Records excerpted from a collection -
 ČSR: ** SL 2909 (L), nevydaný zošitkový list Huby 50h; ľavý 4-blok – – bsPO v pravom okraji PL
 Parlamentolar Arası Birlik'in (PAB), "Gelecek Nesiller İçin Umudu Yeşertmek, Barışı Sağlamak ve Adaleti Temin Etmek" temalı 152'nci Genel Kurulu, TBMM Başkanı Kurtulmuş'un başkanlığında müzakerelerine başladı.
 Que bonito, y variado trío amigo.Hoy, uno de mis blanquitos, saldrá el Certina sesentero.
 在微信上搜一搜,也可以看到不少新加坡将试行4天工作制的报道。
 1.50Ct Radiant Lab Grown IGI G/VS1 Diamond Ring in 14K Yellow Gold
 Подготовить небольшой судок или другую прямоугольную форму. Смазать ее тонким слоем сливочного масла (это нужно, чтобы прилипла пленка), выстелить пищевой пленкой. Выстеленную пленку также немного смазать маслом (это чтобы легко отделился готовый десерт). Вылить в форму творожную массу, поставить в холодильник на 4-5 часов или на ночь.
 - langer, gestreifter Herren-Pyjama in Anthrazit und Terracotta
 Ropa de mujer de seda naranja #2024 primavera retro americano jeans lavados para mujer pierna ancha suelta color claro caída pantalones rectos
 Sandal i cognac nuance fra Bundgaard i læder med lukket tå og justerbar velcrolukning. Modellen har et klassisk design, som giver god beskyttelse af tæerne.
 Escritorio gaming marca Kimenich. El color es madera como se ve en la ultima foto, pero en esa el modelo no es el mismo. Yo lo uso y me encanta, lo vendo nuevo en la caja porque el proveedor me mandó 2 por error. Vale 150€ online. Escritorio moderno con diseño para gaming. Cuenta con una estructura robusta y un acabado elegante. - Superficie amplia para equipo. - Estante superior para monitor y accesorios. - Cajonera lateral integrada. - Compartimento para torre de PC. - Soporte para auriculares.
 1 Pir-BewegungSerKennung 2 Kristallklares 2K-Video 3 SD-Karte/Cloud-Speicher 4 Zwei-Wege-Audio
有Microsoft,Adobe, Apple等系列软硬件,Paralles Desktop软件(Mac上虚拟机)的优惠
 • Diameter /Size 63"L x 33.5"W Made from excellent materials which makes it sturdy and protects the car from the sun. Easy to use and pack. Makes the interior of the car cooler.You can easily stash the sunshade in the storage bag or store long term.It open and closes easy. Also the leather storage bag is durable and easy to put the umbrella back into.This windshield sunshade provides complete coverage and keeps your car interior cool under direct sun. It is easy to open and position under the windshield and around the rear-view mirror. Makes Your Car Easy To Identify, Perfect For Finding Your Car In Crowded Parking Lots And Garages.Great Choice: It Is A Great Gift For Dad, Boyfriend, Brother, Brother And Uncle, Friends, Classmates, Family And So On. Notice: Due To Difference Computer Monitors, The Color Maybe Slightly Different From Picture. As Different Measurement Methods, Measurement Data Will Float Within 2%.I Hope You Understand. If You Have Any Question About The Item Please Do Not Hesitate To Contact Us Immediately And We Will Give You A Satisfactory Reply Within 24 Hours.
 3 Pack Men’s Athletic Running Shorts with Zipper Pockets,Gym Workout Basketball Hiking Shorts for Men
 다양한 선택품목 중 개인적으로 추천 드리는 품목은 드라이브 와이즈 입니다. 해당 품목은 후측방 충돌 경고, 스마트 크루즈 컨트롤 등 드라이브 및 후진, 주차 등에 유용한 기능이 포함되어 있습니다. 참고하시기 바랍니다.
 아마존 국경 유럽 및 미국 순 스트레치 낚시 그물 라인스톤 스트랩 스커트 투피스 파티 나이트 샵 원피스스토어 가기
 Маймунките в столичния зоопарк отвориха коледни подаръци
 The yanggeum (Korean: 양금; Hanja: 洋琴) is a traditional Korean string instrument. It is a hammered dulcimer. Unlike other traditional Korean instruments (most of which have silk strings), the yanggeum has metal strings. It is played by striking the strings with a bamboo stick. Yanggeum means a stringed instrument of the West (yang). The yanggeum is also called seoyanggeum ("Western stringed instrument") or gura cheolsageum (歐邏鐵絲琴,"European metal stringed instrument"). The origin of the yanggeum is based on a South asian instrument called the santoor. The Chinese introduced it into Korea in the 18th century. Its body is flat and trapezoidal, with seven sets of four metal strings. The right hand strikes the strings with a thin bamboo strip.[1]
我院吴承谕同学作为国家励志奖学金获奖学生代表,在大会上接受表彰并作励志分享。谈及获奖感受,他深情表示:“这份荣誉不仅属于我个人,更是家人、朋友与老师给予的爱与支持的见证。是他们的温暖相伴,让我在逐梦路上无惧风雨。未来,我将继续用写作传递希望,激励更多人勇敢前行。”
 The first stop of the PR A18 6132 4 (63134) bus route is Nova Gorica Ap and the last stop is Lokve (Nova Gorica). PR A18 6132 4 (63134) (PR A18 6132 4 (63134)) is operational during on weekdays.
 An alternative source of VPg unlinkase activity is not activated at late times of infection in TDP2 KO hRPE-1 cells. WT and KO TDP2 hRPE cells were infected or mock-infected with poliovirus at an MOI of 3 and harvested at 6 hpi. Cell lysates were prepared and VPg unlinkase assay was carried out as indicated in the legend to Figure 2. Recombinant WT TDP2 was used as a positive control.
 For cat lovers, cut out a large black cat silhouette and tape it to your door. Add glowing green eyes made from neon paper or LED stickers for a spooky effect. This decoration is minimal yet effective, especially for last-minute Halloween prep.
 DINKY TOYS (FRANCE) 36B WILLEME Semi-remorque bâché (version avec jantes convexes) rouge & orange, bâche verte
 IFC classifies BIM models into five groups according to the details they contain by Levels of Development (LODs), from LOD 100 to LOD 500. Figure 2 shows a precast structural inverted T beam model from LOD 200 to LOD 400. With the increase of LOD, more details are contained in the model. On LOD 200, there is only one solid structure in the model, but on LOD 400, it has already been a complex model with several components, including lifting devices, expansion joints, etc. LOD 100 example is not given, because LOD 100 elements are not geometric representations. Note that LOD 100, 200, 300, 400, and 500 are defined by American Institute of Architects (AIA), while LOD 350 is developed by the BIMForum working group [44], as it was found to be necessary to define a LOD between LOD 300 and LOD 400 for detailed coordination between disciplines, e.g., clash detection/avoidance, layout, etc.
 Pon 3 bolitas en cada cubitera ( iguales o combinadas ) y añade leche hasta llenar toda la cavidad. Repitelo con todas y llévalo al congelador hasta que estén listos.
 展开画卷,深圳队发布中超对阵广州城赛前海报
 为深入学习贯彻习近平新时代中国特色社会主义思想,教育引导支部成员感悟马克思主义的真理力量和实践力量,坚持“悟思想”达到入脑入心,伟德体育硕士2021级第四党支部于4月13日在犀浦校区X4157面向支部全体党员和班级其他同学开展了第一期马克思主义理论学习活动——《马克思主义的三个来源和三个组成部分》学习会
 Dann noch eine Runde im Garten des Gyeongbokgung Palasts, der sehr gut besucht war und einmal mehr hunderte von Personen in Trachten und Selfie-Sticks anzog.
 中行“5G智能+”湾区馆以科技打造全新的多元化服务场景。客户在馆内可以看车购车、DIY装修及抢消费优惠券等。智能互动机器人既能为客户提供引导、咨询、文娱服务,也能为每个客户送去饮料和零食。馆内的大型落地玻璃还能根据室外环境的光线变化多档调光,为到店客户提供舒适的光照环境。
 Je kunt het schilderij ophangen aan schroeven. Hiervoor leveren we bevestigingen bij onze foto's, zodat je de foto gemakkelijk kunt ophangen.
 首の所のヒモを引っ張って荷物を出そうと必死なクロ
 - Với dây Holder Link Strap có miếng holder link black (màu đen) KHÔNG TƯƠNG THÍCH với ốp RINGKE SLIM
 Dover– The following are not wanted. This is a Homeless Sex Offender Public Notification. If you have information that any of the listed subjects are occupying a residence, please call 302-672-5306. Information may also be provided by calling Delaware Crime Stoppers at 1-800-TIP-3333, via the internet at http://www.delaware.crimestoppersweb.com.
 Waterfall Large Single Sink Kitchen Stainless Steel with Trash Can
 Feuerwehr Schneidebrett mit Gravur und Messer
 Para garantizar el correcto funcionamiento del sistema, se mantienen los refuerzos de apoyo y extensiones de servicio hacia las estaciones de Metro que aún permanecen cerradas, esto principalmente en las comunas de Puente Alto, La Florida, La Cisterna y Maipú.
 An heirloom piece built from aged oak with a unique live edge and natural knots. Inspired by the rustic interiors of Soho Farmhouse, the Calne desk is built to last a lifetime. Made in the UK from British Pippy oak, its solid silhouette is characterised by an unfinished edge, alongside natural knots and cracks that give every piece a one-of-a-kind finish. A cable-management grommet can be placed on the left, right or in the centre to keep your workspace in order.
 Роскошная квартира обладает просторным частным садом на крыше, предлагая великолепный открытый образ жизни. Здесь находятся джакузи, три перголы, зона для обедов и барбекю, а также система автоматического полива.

Activity - Reproduce exactly the entries above, limited to the lines from the one with "Parlamentolar Arası Birlik'in" through the one with "Sandal i cognac", both included.

Answer to the problem -
 Parlamentolar Arası Birlik'in (PAB), "Gelecek Nesiller İçin Umudu Yeşertmek, Barışı Sağlamak ve Adaleti Temin Etmek" temalı 152'nci Genel Kurulu, TBMM Başkanı Kurtulmuş'un başkanlığında müzakerelerine başladı.
 Que bonito, y variado trío amigo.Hoy, uno de mis blanquitos, saldrá el Certina sesentero.
 在微信上搜一搜,也可以看到不少新加坡将试行4天工作制的报道。
 1.50Ct Radiant Lab Grown IGI G/VS1 Diamond Ring in 14K Yellow Gold
 Подготовить небольшой судок или другую прямоугольную форму. Смазать ее тонким слоем сливочного масла (это нужно, чтобы прилипла пленка), выстелить пищевой пленкой. Выстеленную пленку также немного смазать маслом (это чтобы легко отделился готовый десерт). Вылить в форму творожную массу, поставить в холодильник на 4-5 часов или на ночь.
 - langer, gestreifter Herren-Pyjama in Anthrazit und Terracotta
 Ropa de mujer de seda naranja #2024 primavera retro americano jeans lavados para mujer pierna ancha suelta color claro caída pantalones rectos
 Sandal i cognac nuance fra Bundgaard i læder med lukket tå og justerbar velcrolukning. Modellen har et klassisk design, som giver god beskyttelse af tæerne.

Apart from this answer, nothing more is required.